Best to hunt the BLM (public lands) now. If the Utard legislature passes the law to gain control of the federal lands in Utah you will eventually be locked out. Utah is trying to take control of BLM, Forest Service lands in Utah so they can drill and develop them. This will mean posting them to trespass. That's right, all you Utards that think it's a good idea for Utah to get control over these lands better understand the consequences. If you think there are a lot of no trespassing areas now--wait until Utah gets control over the federal lands! You will see no hunting and fishing signs all over the place!


----------



## Loke (Sep 7, 2007)

THE SKY IS FALLING!!!!!!


----------



## bwhntr (Sep 12, 2007)

Loke said:


> THE SKY IS FALLING!!!!!!


 :mrgreen:


----------



## HighNDry (Dec 26, 2007)

A couple of cutie pies with their heads so far up the muzzle of their guns that they can't see the writing on the wall. Utard legislature already took away most of your stream access and now they are gunning for the hunting groups. PETA and the rest of the tree huggers are making an impact on your rights while you sit back and look at the fluffy clouds in the sky and think all is well. Well, you keep going to Sunday School and sing your little "all is well" song. Most of the places I hunted when I grew up in Utah are gone. We can't have our cake and eat it too. If you want more population, more industry, more private land, then your hunting and fishing opportunities will diminish--it's not rocket science Utards. You think all is rosey and that you have a 25 point lead and the next thing you know you lost.


----------



## bwhntr (Sep 12, 2007)

HighNDry said:


> A couple of cutie pies with their heads so far up the muzzle of their guns that they can't see the writing on the wall. Utard legislature already took away most of your stream access and now they are gunning for the hunting groups. PETA and the rest of the tree huggers are making an impact on your rights while you sit back and look at the fluffy clouds in the sky and think all is well. Well, you keep going to Sunday School and sing your little "all is well" song. Most of the places I hunted when I grew up in Utah are gone. We can't have our cake and eat it too. If you want more population, more industry, more private land, then your hunting and fishing opportunities will diminish--it's not rocket science Utards. You think all is rosey and that you have a 25 point lead and the next thing you know you lost.

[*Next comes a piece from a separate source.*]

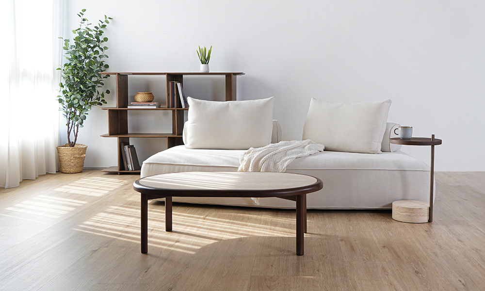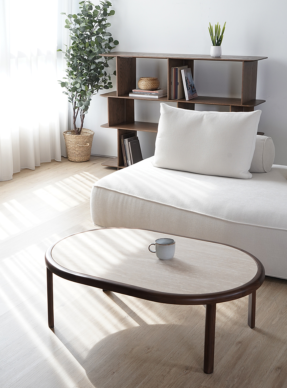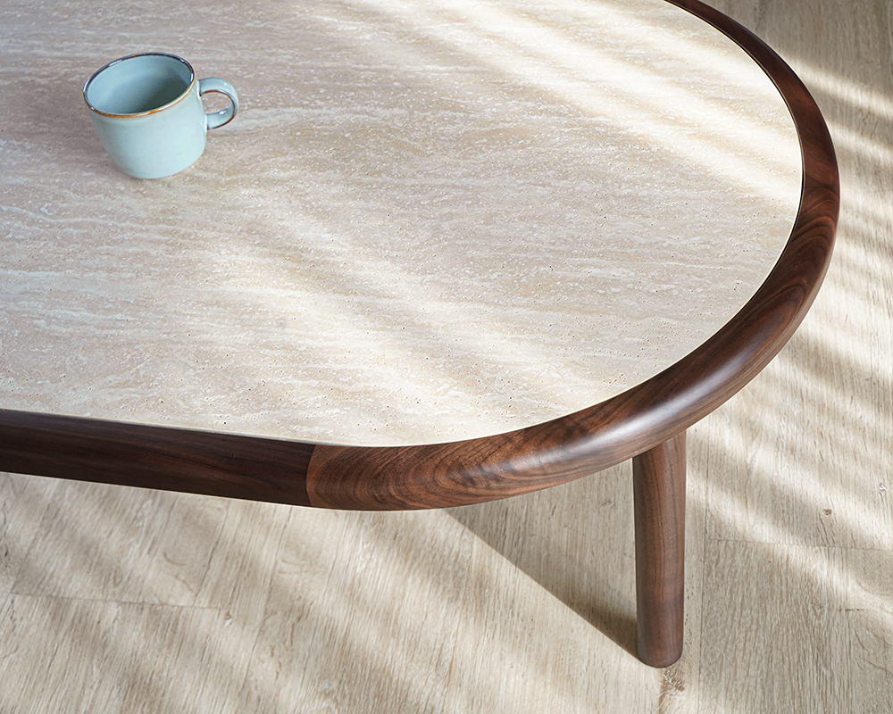 Meld洞石橢圓茶几,這張茶几把兩種很不一樣的材質放在一起,卻一點也不衝突。桌面選用天然洞石,質感自然、沉穩,木質結構則溫潤柔和,讓空間多了一份溫度。特別的是,天然洞石桌面被圓弧流線的木質邊緣包覆,線條一路延伸,讓石材看起來不再冰冷,而是多了柔和、順眼的感覺,摸起來也更加安心舒適。整體造型簡單卻很耐看,不管從哪個角度,都能感受到材質之間的平衡與細節。透過暖色系洞石與木頭的搭配,這張茶几可以輕鬆融入各種居家風格,是一張耐用、耐看,也能長久陪伴生活的家具。

 :roll: Ok, thanks for the update.


----------



## Homer (Sep 1, 2011)

Bwhntr is a sexy utard


----------



## elkfromabove (Apr 20, 2008)

Loke said:


> THE SKY IS FALLING!!!!!!


Nah, it ain't falling, just being regulated to death per the EPA, FCC, FAA, US Air Force, Army, Navy, and http://www.naturalnews.com/024402.html!


----------



## bwhntr (Sep 12, 2007)

Homer said:


> Bwhntr is a sexy utard


 :mrgreen: I know, huh! -~|-


----------



## proutdoors (Sep 24, 2007)

:O•-:


----------